NEW DELHI: L'opposition indienne a accusé jeudi le Premier ministre Narendra Modi de tenir des propos stigmatisant les musulmans et alimentant, en plein processus électoral, les tensions sectaires dans la plus grande démocratie du monde, constitutionnellement laïque.

M. Modi déploie "son jeu habituel consistant à diviser les hindous et les musulmans", a déclaré jeudi P. Chidambaram, ancien ministre des Finances et membre influent du Congrès, principal parti d'opposition,

"Le monde observe et analyse les déclarations du Premier ministre indien, qui ne sont pas à la gloire de l'Inde", a-t-il ajouté.

M. Modi a offert au parti nationaliste hindou Bharatiya Janata (BJP) deux victoires écrasantes en 2014 et 2019 en jouant sur la fibre religieuse de l'électorat hindou.

Agé de 73 ans et encore très populaire dans l'ensemble du pays, le Premier ministre brigue un troisième mandat à la tête du pays.

Les analystes politiques l'ont donné vainqueur avant même les élections générales qui ont débuté le 19 avril et se déroulent en sept phases jusqu'au 1er juin.

M. Modi a présenté mardi sa candidature au siège de député de Varanasi (Bénarès), cité sacrée de l'hindouisme, dans l'Etat de l'Uttar Pradesh (nord), qu'il occupe depuis une décennie.

L'opposition et les défenseurs des droits accusent M. Modi de favoriser les hindous, majoritaires dans le pays, au détriment d'importantes minorités, dont 210 millions d'Indiens musulmans, inquiètes pour leur avenir.

M. Modi a récemment suscité l'indignation dans les rangs de l'opposition en accusant le Congrès de vouloir distribuer la "richesse nationale" aux "infiltrés", "à ceux qui ont le plus d'enfants", désignant ainsi la communauté musulmane.

L'opposition a saisi les autorités électorales qui n'ont pas sanctionné le Premier ministre.
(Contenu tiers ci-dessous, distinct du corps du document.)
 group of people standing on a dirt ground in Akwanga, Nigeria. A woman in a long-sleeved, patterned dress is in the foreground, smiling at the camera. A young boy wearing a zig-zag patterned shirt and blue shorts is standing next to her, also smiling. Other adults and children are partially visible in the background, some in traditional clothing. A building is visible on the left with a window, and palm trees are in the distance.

L'Inde est constitutionnellement laïque et son code électoral interdit toute campagne fondée sur des "sentiments communautaires".
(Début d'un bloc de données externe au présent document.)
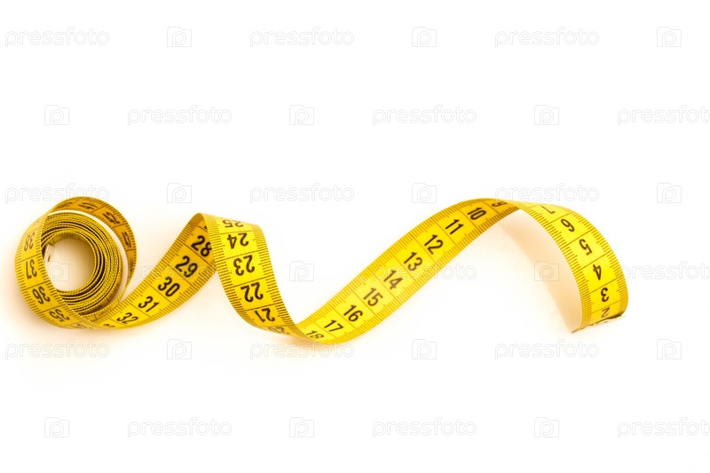 Желтая сантиметровая лента на белом фоне

Dans un entretien mardi sur la chaîne d'information continue News18, le chef du gouvernement s'est défendu d'alimenter et d'exploiter tout clivage entre hindous et musulmans.

Discrimination 

"Le jour où je commencerai à parler des hindous-musulmans sera celui où je perdrai ma capacité à mener une vie publique", a-t-il affirmé en hindi.

Le lendemain, en plein rassemblement électoral, Narendra Modi accusait le Congrès d'orchestrer un "jihad par le vote" pour que les musulmans se prononcent contre lui.

Au début de la semaine, Madhavi Latha, actrice et candidate du BJP à Hyderabad (sud), s'est autorisée, dans un bureau de vote, à vérifier que la carte électorale de musulmanes correspondait à leur identité, exigeant qu'elles ôtent leur voile.

La police de la ville a ouvert une enquête sur l'incident.

Au total, 968 millions d'Indiens sont appelés à élire les 543 membres de la chambre basse, soit plus que la population totale des Etats-Unis, de l'Union européenne et de la Russie réunis.